Great Britain

Anthony Bourdain doc 'an act of therapy' for an acute loss

When the filmmaker Morgan Neville began making a documentary on Anthony Bourdain the late chef and globe-trotting television host, one of the first things he did was comb through every song Bourdain had ever referenced. He came up with a playlist 18½ hours long and called it “Tony.”

Neville, the director of the Fred Rogers portrait “Won’t You Be My Neighbor?” and the Oscar-winning “20 Feet From Stardom,” was determined to approach Bourdain through a prism other than his death. Music was only a small part of it. But it was a start in making “Roadrunner: A Film About Anthony Bourdain” a celebration of Bourdain’s life. Not a forensic inquiry. Not a eulogy.

This was the fall of 2019, when Neville began. Bourdain’s death, in June 2018 by suicide, was still fresh. For many, it still is. “Roadrunner” premiered over the weekend at the Tribeca Festival, days after the three-year anniversary of Bourdain’s death. Just the debut of the film’s trailer prompted an outpouring of emotion — and millions of views within days, a rarity for a documentary — showing how many are still grieving Bourdain’s loss.

“I’ve come to think of the film as an act of therapy for the public,” Neville said in an interview. “I think for people who only know Tony as someone they were a fan of, like me, there was just this giant question mark hanging over his life because of his death. How the (expletive) could Tony Bourdain kill himself? That is still something people are grappling with.”

“Roadrunner,” which Focus Features will release in theaters July 16, goes about answering that question by filling in a fuller portrait of Bourdain. It gives new insight and context to Bourdain’s end by following the arc of his life — or, more specially, his second life. After years of working as a chef in New York Bourdain’s book “Kitchen Confidential” catapulted him to fame in middle age. In “Parts Unknown” and other far-flung travel shows that feasted on not just indigenous foods but a wide spectrum of culture, history and shared passions, Bourdain became an unlikely, and unusually authentic, television icon.

When Bourdain was found dead at 61 in his hotel room in Strasbourg, France, it was shocking because few seemed so full of hunger for life, or a greater appreciator of all that’s worth savoring. Neville spent the first months on the film not even dealing with Bourdain’s final chapter. When he did finally turn to it, he found no easy answers.

“The way I came to think of it is: Tony was an ultimate searcher and a seeker,” says Neville. “But if you are really always seeking and always curious, then you can get lost. He had this tattoo that he got late in life that said in Greek ‘I am certain of nothing.’ That sounds very Zen, but it’s also a little sad. If you’re truly certain of nothing and always looking for something, it means you’re leaving everything behind at every moment.
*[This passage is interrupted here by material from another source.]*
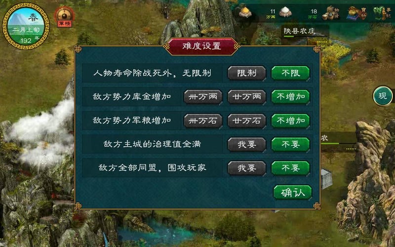 1、玩家需选择一个势力并扮演其君主,对内治理民生,对外拓展疆土;游戏采用大幅地图,对东亚地形进行了细致刻画,格局宏大。

I think for Tony, that rootless ultimately disconnected him from the things he should be certain about, like the love of people around him.”

The interviews for the film Neville considers the most difficult he's ever done. Many of those close to Bourdain were talking about his death for the first time.

“There was just this sense of group trauma that people are still dealing with," said Neville. “I don’t think anyone was looking forward to talking to me, frankly. It’s not like: ‘Oh, great!’ They knew it was going to be hard. Several people said it would be the last time they talk about it. I think there was this sense of: Let me say it once, for the record.”

That includes interviews with Bourdain's ex-wife, Ottavia Busia, chef friends Éric Ripert and David Chang, TV producers Lydia Tenaglia and Christopher Collins, and musicians John Lurie and Josh Homme. Homme, of Queens of the Stone Age, recorded a song for the film. There's footage pulled from “Parts Unknown,” revealing outtakes and Bourdain's own Instagram stories, which gave a small window into his turbulent final year. Neville didn't speak with a few key figures from that time, including longtime cinematographer Zach Zamboni, whom Bourdain fired in that dark period, and the Italian filmmaker Asia Argento whose tumultuous two-year relationship with Bourdain has for many loomed over his death.

Neville was more intent on focusing on the choices that Bourdain, himself, made, and the journey that led to his tragic end. To him, a full understanding can only be elusive. But he suspects Bourdain felt increasingly rootless after his split from Busia, that when any semblance of domestic life receded he grew increasingly disconnected from who he was, and what he meant to people — including his daughter. That he was maybe too long on the road.

“When I first sat down with the people close to him — his manager and his production partners — I kind of went on my rant about why he was someone who was a champion for culture and what connects us,” the director says. “And they said, ‘Yeah, that’s true. But he was also an immature 15-year-old boy.’ I thought, OK, that’s interesting. That became the kind of crux of the making of the film — reconciling someone who was both so insightful, but also so blind to some things.”